Fastest way to get a positive modulo in C/C++
Often in my inner loops I need to index an array in a "wrap-around" way, so that (for example) if the array size is 100 and my code asks for element -2, it should be given element 98. In many high level languages such as Python, one can do this simply with my_array[index % array_size]
, but for some reason C's integer arithmetic (usually) rounds toward zero instead of consistently rounding down, and consequently its modulo operator returns a negative result when given a negative first argument.
Often I know that index
will not be less than -array_size
, and in these cases I just do my_array[(index + array_size) % array_size]
. However, sometimes this can't be guaranteed, and for those cases I would like to know the fastest way to implement an always-positive modulo function.
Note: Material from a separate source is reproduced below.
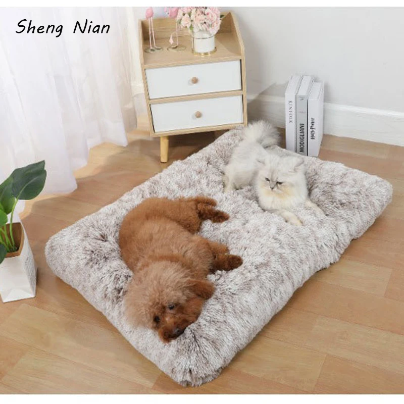Роскошный плюшевый матрас для домашних животных, длинная теплая кро...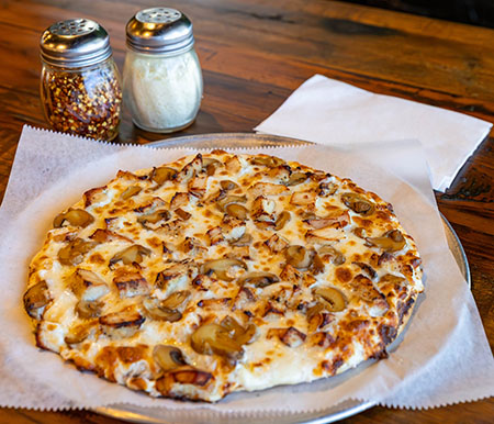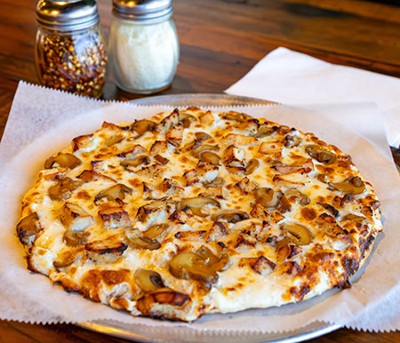 Chicken Alfredo Pizza features a creamy Alfredo sauce foundation, layered with chicken and cheese, resulting in a decadent, savory, and fulfilling meal that combines the essence of traditional Alfredo pasta with a pizza base. It incorporates components such as chicken, mozzarella cheese, mushrooms and Alfredo sauce, baked on a pizza crust until golden and bubbly

There are several "clever" ways to do it without branching, such as
inline int positive_modulo(int i, int n) {
return (n + (i % n)) % n;
}
or
inline int positive_modulo(int i, int n) {
return (i % n) + (n * (i < 0));
}
Of course I can profile these to find out which is the fastest on my system, but I can't help worrying that I might have missed a better one, or that what's fast on my machine might be slow on a different one.
So is there a standard way to do this, or some clever trick that I've missed that's likely to be the fastest possible way?
Also, I know it's probably wishful thinking, but if there's a way of doing this that can be auto-vectorised, that would be amazing.
The standard way I learned is
inline int positive_modulo(int i, int n) {
return (i % n + n) % n;
}
This function is essentially your first variant without the abs
(which, in fact, makes it return the wrong result). I wouldn't be surprised if an optimizing compiler could recognize this pattern and compile it to machine code that computes an "unsigned modulo".
Edit:
Moving on to your second variant: First of all, it contains a bug, too -- the n < 0
should be i < 0
.
This variant may not look as if it branches, but on a lot of architectures, the i < 0
will compile into a conditional jump. In any case, it will be at least as fast to replace (n * (i < 0))
with i < 0? n: 0
, which avoids the multiplication; in addition, it's "cleaner" because it avoids reinterpreting the bool as an int.
As to which of these two variants is faster, that probably depends on the compiler and processor architecture -- time the two variants and see. I don't think there's a faster way than either of these two variants, though.
Modulo a power of two, the following works (assuming twos complement representation):
return i & (n-1);